Alberta PC party wants electoral officer to reverse orders to repay illegal donations – Conservatives say individual donors should pay for their mistakes

 By Sarah O’Donnell, Edmonton Journal January 30, 2013

EDMONTON – Alberta’s Progressive Conservative party has asked the province’s chief electoral officer to reverse orders mandating that the party repay thousands of dollars in illegal donations tied to post-secondary institutions and local governments.

Progressive Conservative Association of Alberta president Jim McCormick said Wednesday that the party returned $6,900 to prohibited donors where ordered by Elections Alberta in cases dating back the last three years.

But the party feels it is unfair for the political organization to pay for mistakes by individual donors who later went back to prohibited organizations and asked to be reimbursed. Under Alberta’s campaign finance laws, political parties are prohibited from knowingly receiving money via organizations funded by taxpayers such as school boards or town councils.

“We acknowledge the spirit of the act where we do not want to be the beneficiary of public dollars back as donations, period,” McCormick said.

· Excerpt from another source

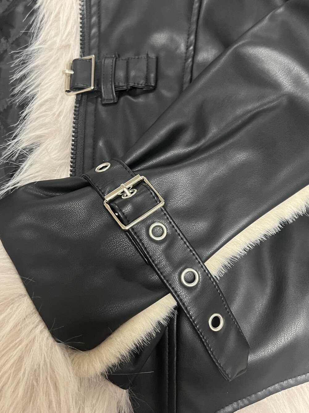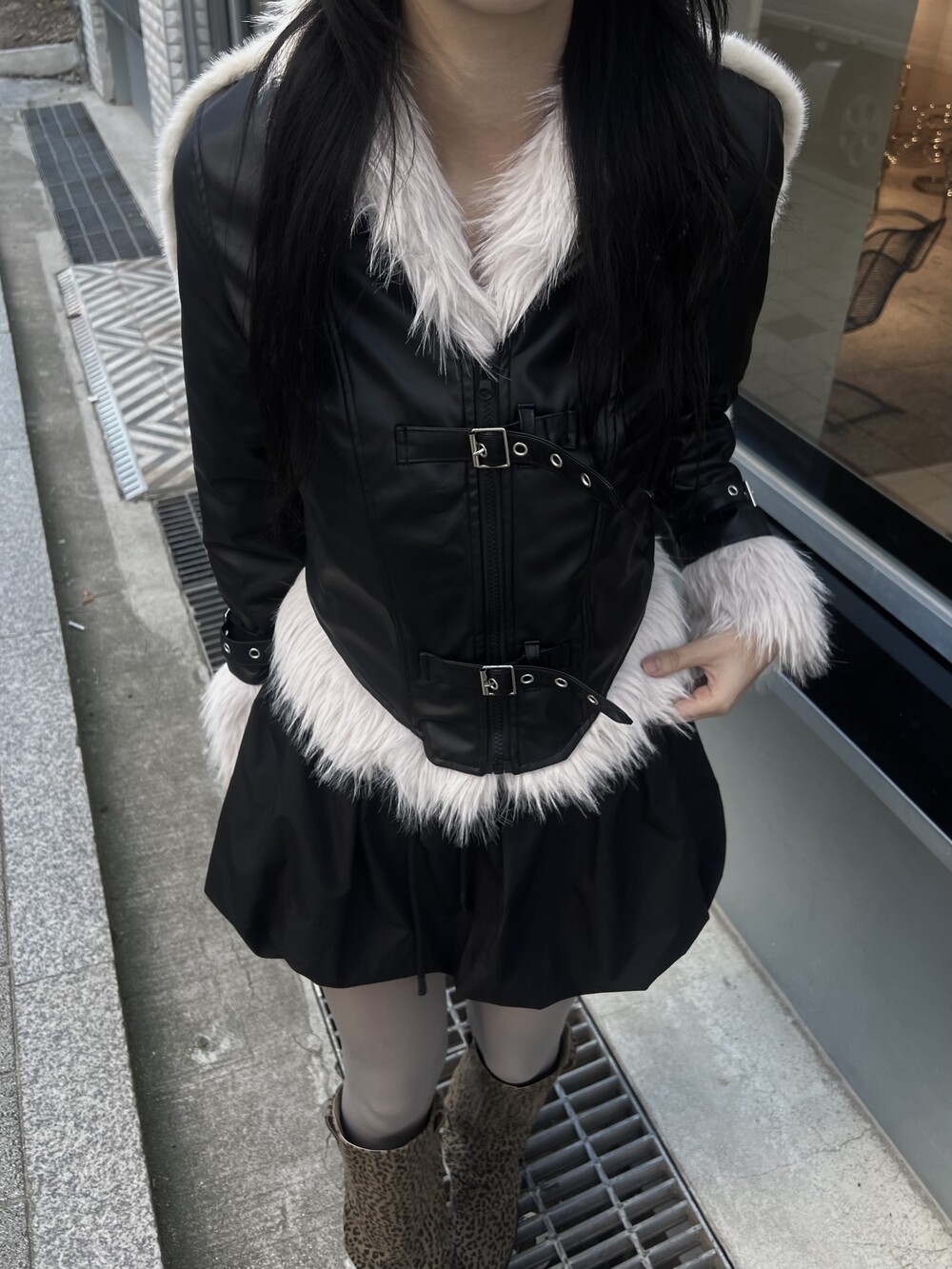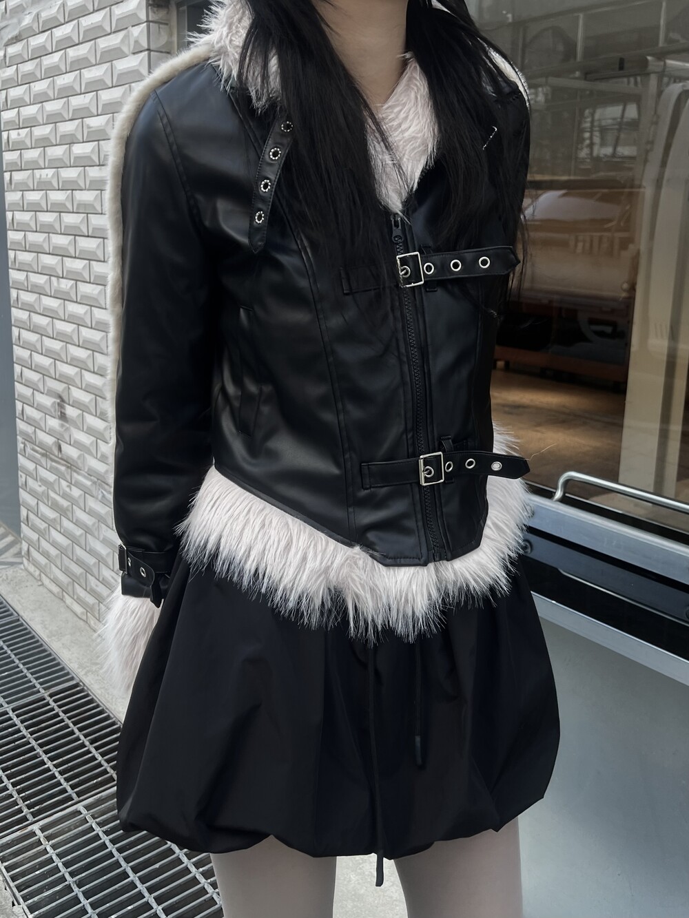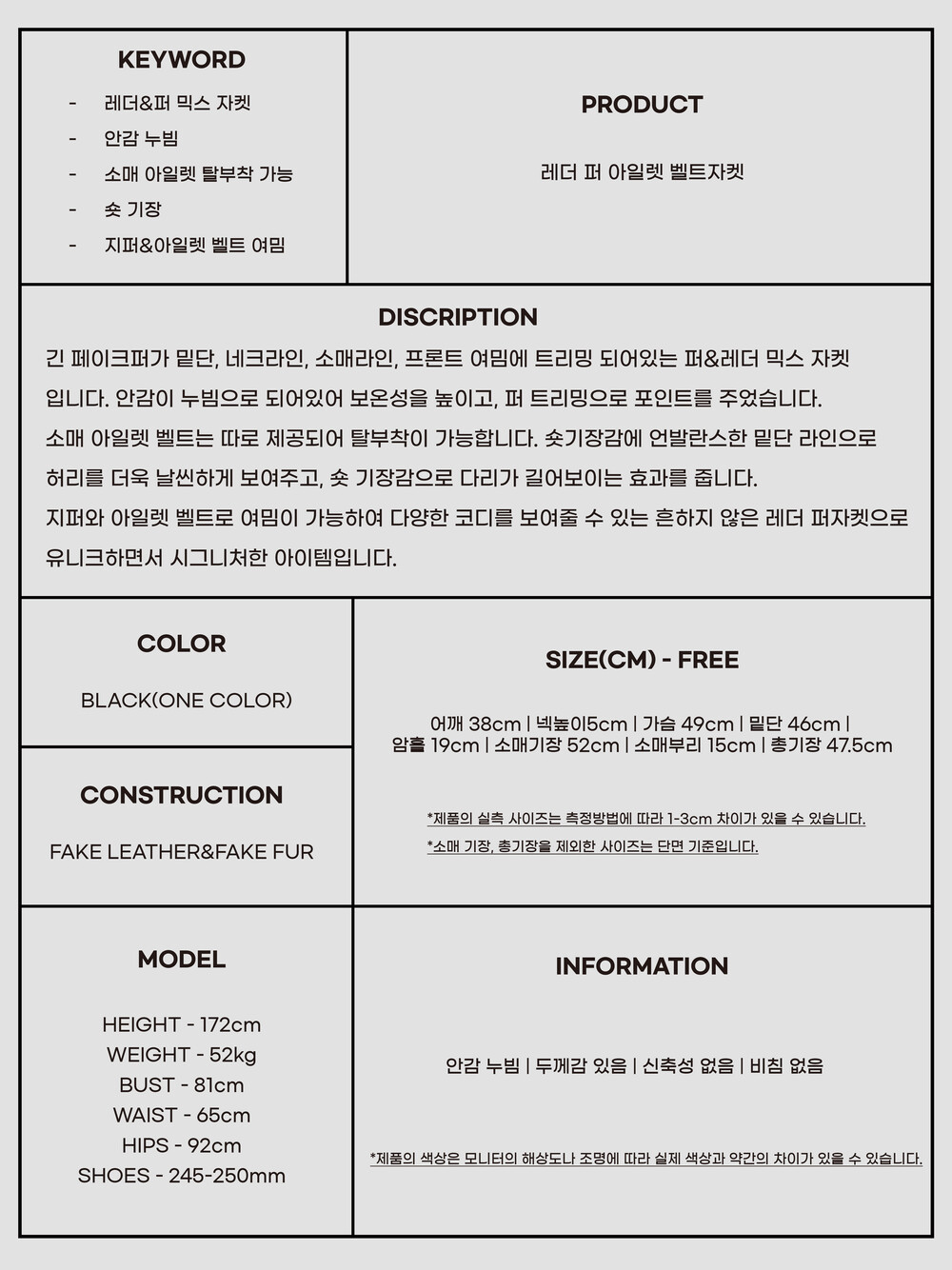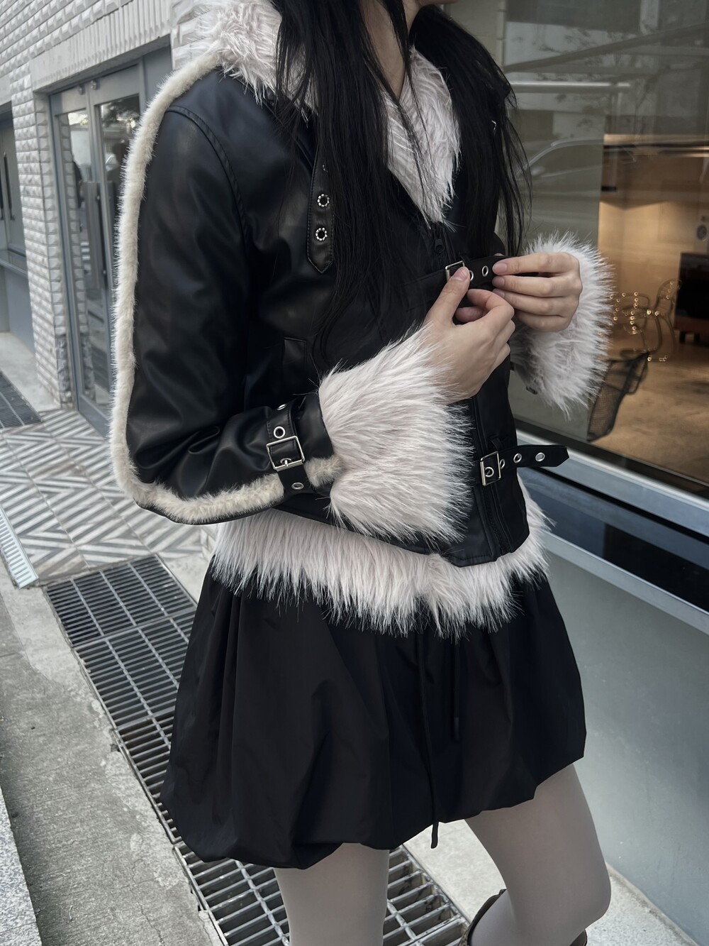 LEATHER FUR EYELET JK 레더 퍼 아일렛 벨트자켓

“However, we accepted this money from individuals primarily in good faith as donations directly from them. We think the onus should fall more on those individuals rather than either the prohibited corporations or ourselves.”

McCormick spoke to the Journal one day in advance of Elections Alberta posting the results of three years’ worth of investigations into breaches of the province’s Election Finances and Contributions Disclosure Act. The information will be posted on Elections Alberta’s website.

Up until MLAs approved a new version of the act in the fall sitting of the legislature, Elections Alberta said it was prohibited from publicly releasing the results of its investigations, including identifying groups or parties sanctioned or censured by the office.

Those disclosures will only go back as far as Dec. 10, 2009, however, since the new Elections Act imposes a three-year limit on how far back the information can go.

The issue of illegal donations has dogged the PC party for more than a year as documents came to light showing that organizations like municipalities, school boards and universities contributed to the party over the years, often through tickets for fundraising events like golf tournaments or dinners.

In 2012, former party president Bill Smith apologized after the party returned $850 to Calgary Laboratory Services, a branch of Alberta Health Services. Smith said the PCs thought it was still a private company.

Smith also said last spring that the party repaid about $9,200 voluntarily to about a dozen different local governments and educational institutions in the spring. Those included donations from Medicine Hat, the County of Grande Prairie No. 1, the towns of Fahler, Okotoks, High River and Redcliff and Athabasca University.

Although the party voluntarily returned money in the spring, McCormick said the organization now feels it must stand up for a principle. In two cases where the party was advised by Elections Alberta to voluntarily return the money, it has not, he said. Both cases involve an $850 donation.

McCormick said Wednesday that in all the cases to be documented Thursday, with the exception of the Calgary lab, the party issued a tax receipt to an individual who later went back to a prohibited corporation to be reimbursed without the PCs knowing.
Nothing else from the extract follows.